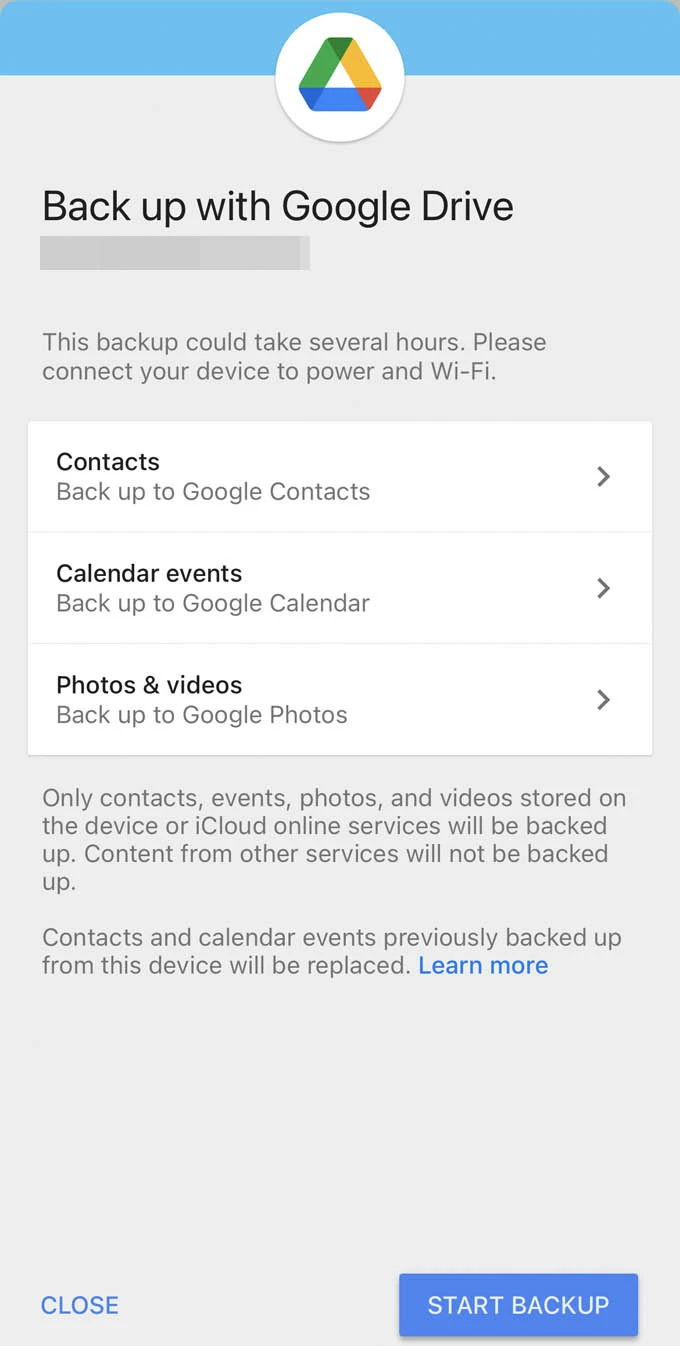 The downside is that there are just 3 types of iPhone data you can back up to Google Drive: Photos and Videos, Contacts and Calendar Events.
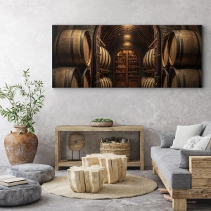 Impression sur toile - Image sur toile - Cave à vin avec tonneaux en bois et étagères à vin - 140x50cm - Cave climatisée - Décoration murale moderne pour le salon et la chambre ARTTOR
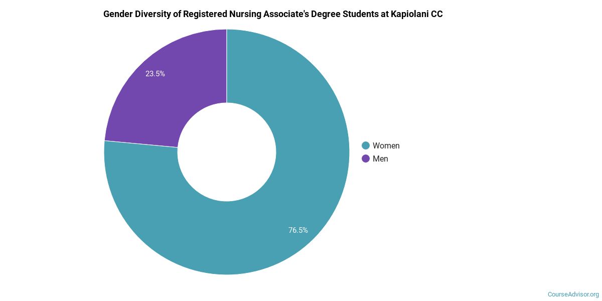 Kapiolani CC does a better job with serving racial-ethnic minorities than the typical school does. Its associate's program in registered nursing graduates 51% more racial-ethnic minorities than the nationwide average.*
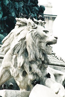 Duomon edustalla olevalla aukiolla on patsas jonka juuressa leijonat tarjoavat lempeästi istuimen kyyhkysillekin.

• _Work required_: Copy, exactly and exclusively, the lines beginning with the one that contains "Kapiolani CC does" and ending with the last line of the listing; pictures are to be omitted.

• _Written solution_:
 Kapiolani CC does a better job with serving racial-ethnic minorities than the typical school does. Its associate's program in registered nursing graduates 51% more racial-ethnic minorities than the nationwide average.*
 Duomon edustalla olevalla aukiolla on patsas jonka juuressa leijonat tarjoavat lempeästi istuimen kyyhkysillekin.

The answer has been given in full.